Currently, the enhancement of image quality by CEUS has proven its worth in detecting plaque-associated neovascularization and plaque inflammation.[54] [56] In time it is expected that this US technique can be extended to allow detection and possible treatment of microcalcification structures. One approach to achieve this could be to decorate the surface of the bubble with proteins, peptides, or antibodies, which home in on suspected sites of active calcification. These decorations could then either guide and accumulate the microbubbles at areas of vascular calcification or be released from the surface and enter into the vessel wall, at predetermined locations of interest.[57] Alternatively, compounds could also be loaded into the microbubbles for transport to suspected high-risk plaques, where their contents will be released.[58] [59] The abovementioned release of tracer or treatment is accomplished through disintegration of the bubbles by US through a process called sonoporation.[58] [59] Sonoporation has as additional advantage that it increases the permeability of the local tissues for the released compounds.[60] The most significant disadvantage of this US method is its limited penetration depth into tissue, making it primarily suited for assessment of superficial blood vessels and resulting in the need for an invasive approach when used for deeper parts of the vasculature. Other limitations associated with CEUS include operator dependence, as image quality is greatly influenced by operator skill, and its difficulty in visualizing tissues behind areas of calcification similar to IVUS. Furthermore, it is currently still unable to distinguish intraplaque hemorrhage from lipid deposition. Finally, there is also the risk of plaque rupture when sonoporation is used in conjunction with CEUS to deliver local treatment.

Hybrid Imaging Systems

A promising approach for the detection of vascular calcification is the use of hybrid imaging systems, which combines two conventional imaging modalities so that the shortcomings of one technique are compensated by the other. Examples of such hybrid systems are PET/CT and PET/MRI.[61] [62]

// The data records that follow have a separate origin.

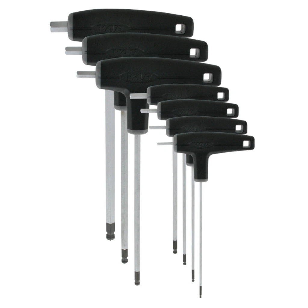 Var propose ce kit de 7 clefs hexagonales ayant chacune un diamètre différent. Vous retrouvez tous ces diamètres dans ce jeu : 2, 2,5, 3, 4, 5, 6 et 8 mm.
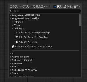 イベントを追加>コリジョン>各オーバーラップのイベントをブループリントに追加する。
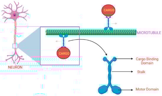 The KIF1A protein’s typical shape and movement along the MT surface in a healthy neuronal cell [15]. (Created with Biorender.com).
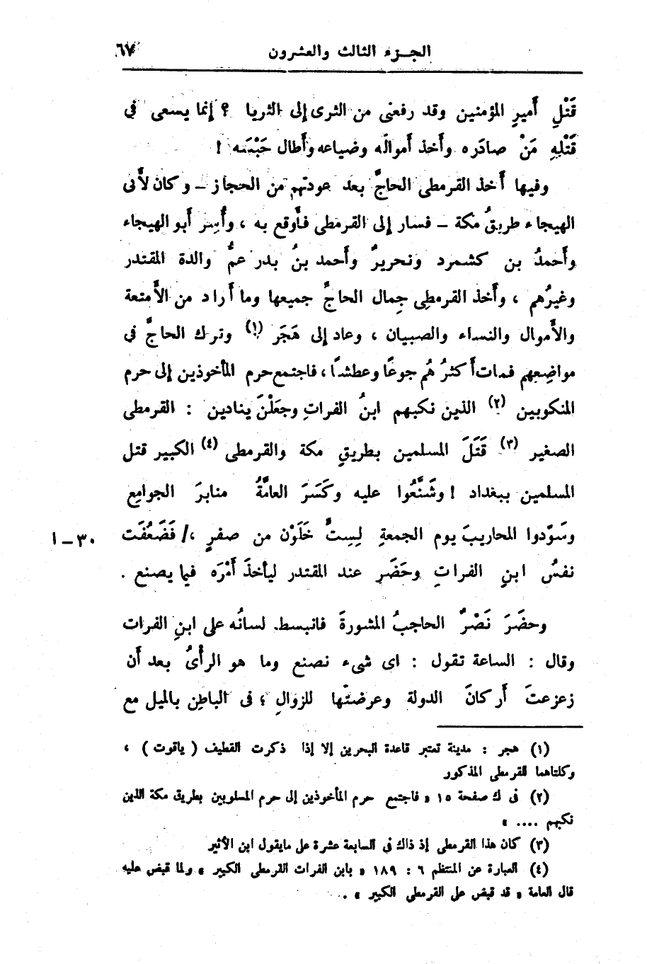 قتل أمير المؤمنين وقد رفعنى من الثرى إلى الثريا؟ إنما يسعى فى قتله من صادره وأخذ أمواله وضياعه وأطال حبسه! وفيها أخذ القرمطى الحاجّ بعد عودتهم من الحجاز- وكان لأبى الهيجاء طريق مكة- فسار إلى القرمطى فأوقع به، وأسر أبو الهيجاء وأحمد بن كشمرد ونحرير وأحمد بن بدر عمّ والدة المقتدر وغيرهم، وأخذ القرمطى جمال الحاجّ جميعها وما أراد من الأمتعة والأموال والنساء والصبيان، وعاد إلى هجر «1» وترك الحاجّ فى مواضعهم فمات أكثرهم جوعا وعطشا، فاجتمع حرم المأخوذين إلى حرم المنكوبين «2» الذين نكبهم ابن الفرات وجعلن ينادين: القرمطى الصغير «3» قتل المسلمين بطريق مكة والقرمطى «4» الكبير قتل المسلمين ببغداد! وشنّعوا عليه وكسر العامّة منابر الجوامع وسوّدوا المحاريب يوم الجمعة لستّ خلون من صفر،/ فضعفت نفس ابن الفرات وحضر عند المقتدر ليأخذ أمره فيما يصنع.
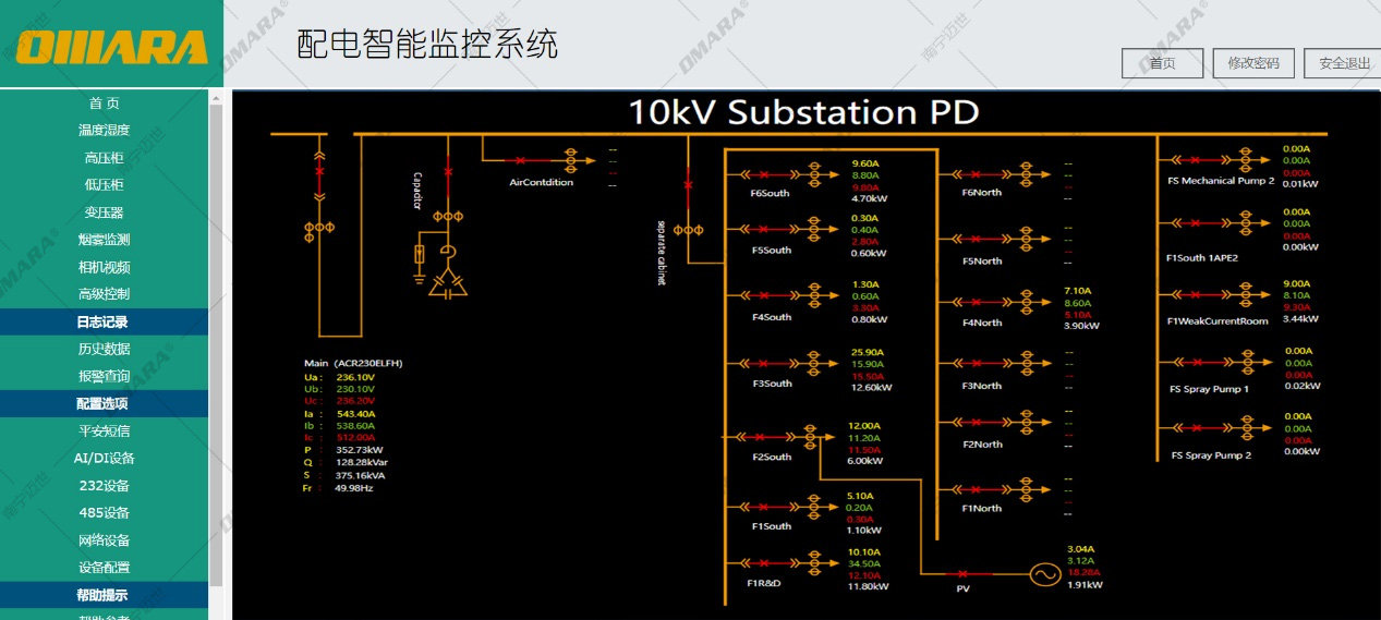 以配電圖方式展示主線和各支線的配電數據和開關狀態。 |

In both the techniques the PET component provides a solution to the limited sensitivity of CT and MRI with its highly sensitive, radioactively labelled tracers. In turn, the CT or MRI component of the multimodal set-up provides a detailed anatomical image of the assessed region. It should be noted that although contrast agents detectable by X-ray or MRI exist, which allow for more opaque features of the atherosclerotic plaque to be highlighted, these are neither approved for use in humans nor specifically geared toward microcalcification.[57]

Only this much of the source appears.